Brief history of Ireland

history-of-ireland

Irish mythology, Celts, music, beer, typical Irish festivals, many things actually, have made many people all over the world fall in love with this group of islands in Europe.

The story tells us that the first to inhabit the islands of Ireland were hunters and gatherers, back in the Mesolithic. About three thousand years before Christ they entered the Bronze Age, that is, they stopped using stone tools to use bronze, grow grains, raise animals and develop a life more rooted in the land. A thousand years later they shaped the religious stone structures that still outline the Irish landscape with so much mystery.
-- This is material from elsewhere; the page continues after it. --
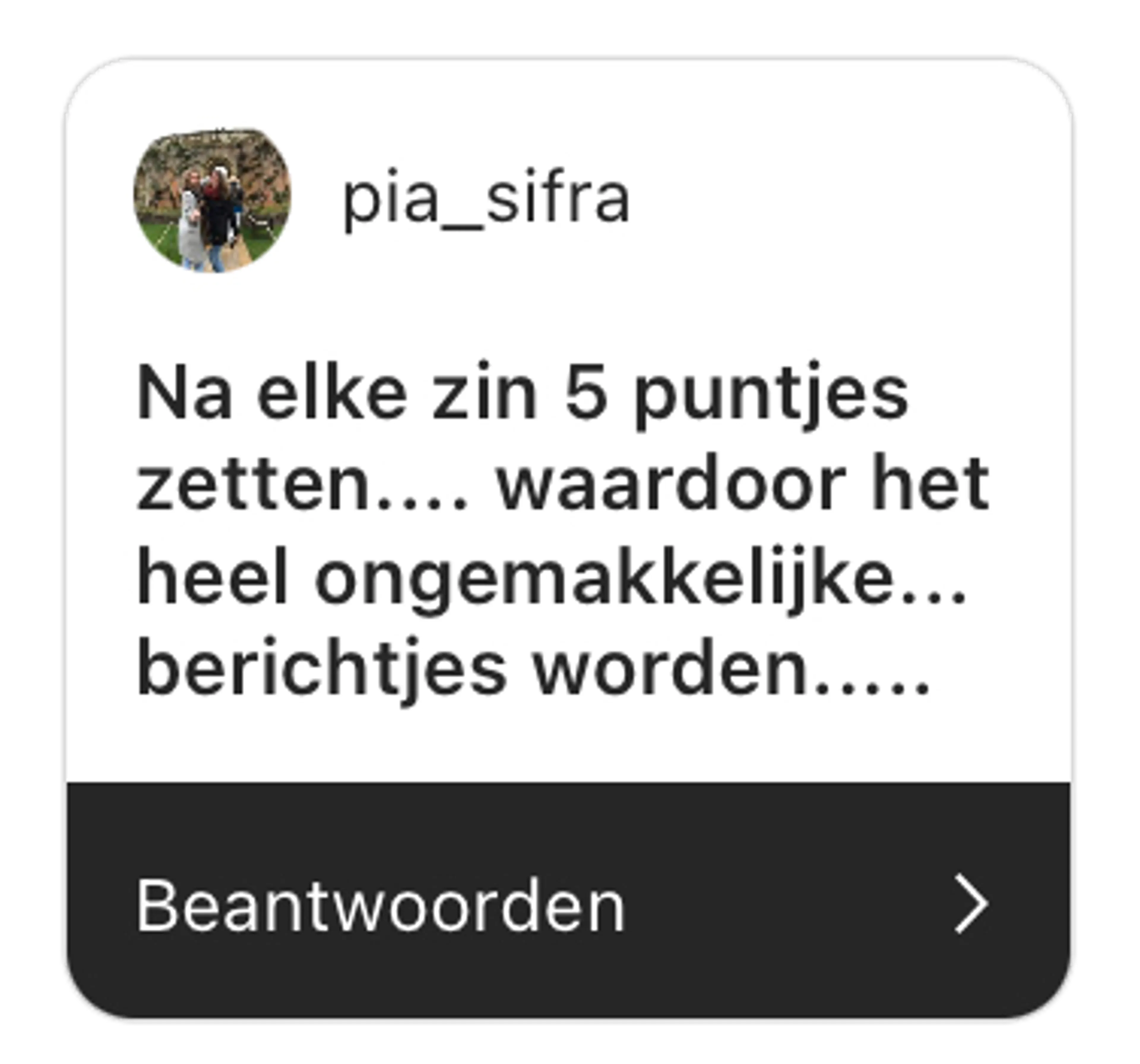 We willen hier even duidelijk een punt maken: één punt dus en niet meerdere. Want..…dit…leest…toch.heel..…irritant???! 1400 voor Christus gebruikten ze de spatie al, dus waarom kunnen jullie het niet, haha? G.r.a.a.g.!!!

The Celts arrived around 1600 BC and gave rise to the Celtic ireland. They created four provinces, Connacht, Ulster, Leinster and Munster to supplant the small kingdoms that concentrated no more than 500 thousand people, the Irish population at that time. A Great King was above all. And one fine day he came to Ireland St. Patrick, a Catholic missionary who arrived from neighboring Scotland to convert the nation to Catholicism. And he achieve it.

First Saint Patrick concentrated on the nobles, introduced Latin and taught to write and read in this language so his legacy is important for the development of the known Ireland. At his death, the noble families of Ireland handled Latin with all that it entails. The story continues with Brian Boru, Great King, who was defeated by another Irish king allied with the Vikings. The Norsemen were a plague to Ireland for a long time.

Later the Normans would arrive with their culture and customs and towards the 1922th century the English began to look at these lands with great affection. We already know how everything continued: settlers, incursions, wars, revelries, resistance, servitude. Until XNUMX Ireland was in the hands of England.